First day of not just a new year but a brand spanking new decade and I'm sitting on a bed in a room I've never been in before today. I have found myself volunteering to chill at the house of my technically ex-step-Zayda's girlfriend's son's house as like a mostly hands off babysitter while the son and his family are away on vacation. It doesn't really seem like it's particularly important I be here, but just more of a fail safe and allowing my step mother (technically ex... her and my father split when I was in college) and her sister to relax a bit since my Zayda has Alzheimer's. This blended family of mine can certainly be such a bear to explain to people...it's always interesting to see how some of the men I've been going out on dates with react to the convolutedness of it all. It's definitely why for me, the holidays are mostly stressful and I don't ever really look forward to them. It's a lot of running around and driving to try and manage to see all the different camps. I still have two family get-togethers this coming Saturday that I'll have to leave one early and get to the other one late. Seriously in need of some alone time and vegging the fuck out and I'm not sure I'm going to have the opportunity for that any time soon. If I really feel burned out before I have that chance I might take some PTO, I'm really not trying to start things off ignoring my body's signals.
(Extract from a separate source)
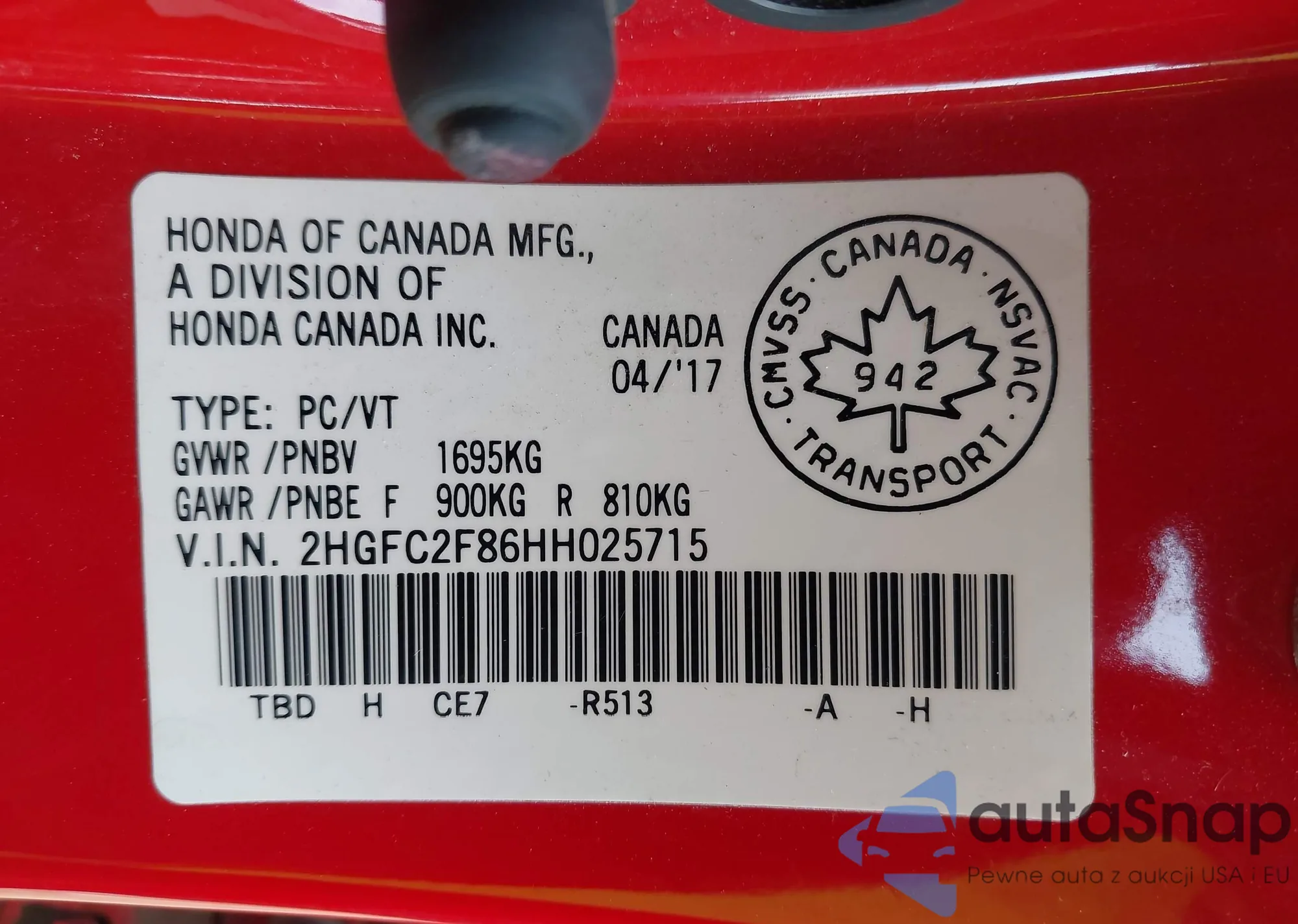• VIN 1HGCV2F90NA009803

I'm pretty excited for this decade and honestly have no real agenda for where I hope to be by the end of it. I definitely have goals and ideas but it truly feels like life could go in a number of different directions at this point. Getting married again and starting a family is certainly a potential, but no longer one I have strong feelings about needing to happen. I've been thinking a lot about adoption lately and orphans in general and have this idea bouncing around in this head of mine about starting a group home at some point. I'm also currently obsessed with the idea of buying a house of my own with the intent of my twin living with me and really making it a home and safe space for both of us. To live with someone who loves me and does have my best interests at heart. That maybe if we both could learn what it feels like to have that support we will stop engaging in relationships that are not healthy for us. I also love the idea of having at least one extra room for guests and space for him to do his art and maybe even having an additional room where maybe we foster kids who have no where else to go and I can start to learn more about that world and that process. I want to own something because I want the security of knowing I'm gonna be there for a good long while and then can allow myself to get invested and involved in my local community and possibly running for office. Lately I keep having thoughts about wanting to a write a memoir and using my journals as the structure for it. I recently wrote a short story to help process some of my heart ache and it was definitely something I enjoyed, so maybe I should take that thought a little more seriously. And as always, so many plans and ideas for future adventure trips, vacations, and concerts. I am so pumped for all the places I will see and all the amazing food I will eat and the beautiful music I will hear. So many options and so many paths I really can't wait to see where I land.
I can't remember the last time I felt this excited and hopeful and optimistic. I'm smiling as I type this and I sincerely hope I can manage to hold on to this feeling. Even though I know there will be times across this next decade where it will be so hard to find that silver lining, I have a strange sense of knowing that I'll always manage to bring myself back to this place of hopefulness. While perhaps this trait has caused me to potentially be delusional about certain situations, my unwavering optimism about the potential that life has to offer may be my favorite quality. Cheers to 2020 and all of what lays ahead.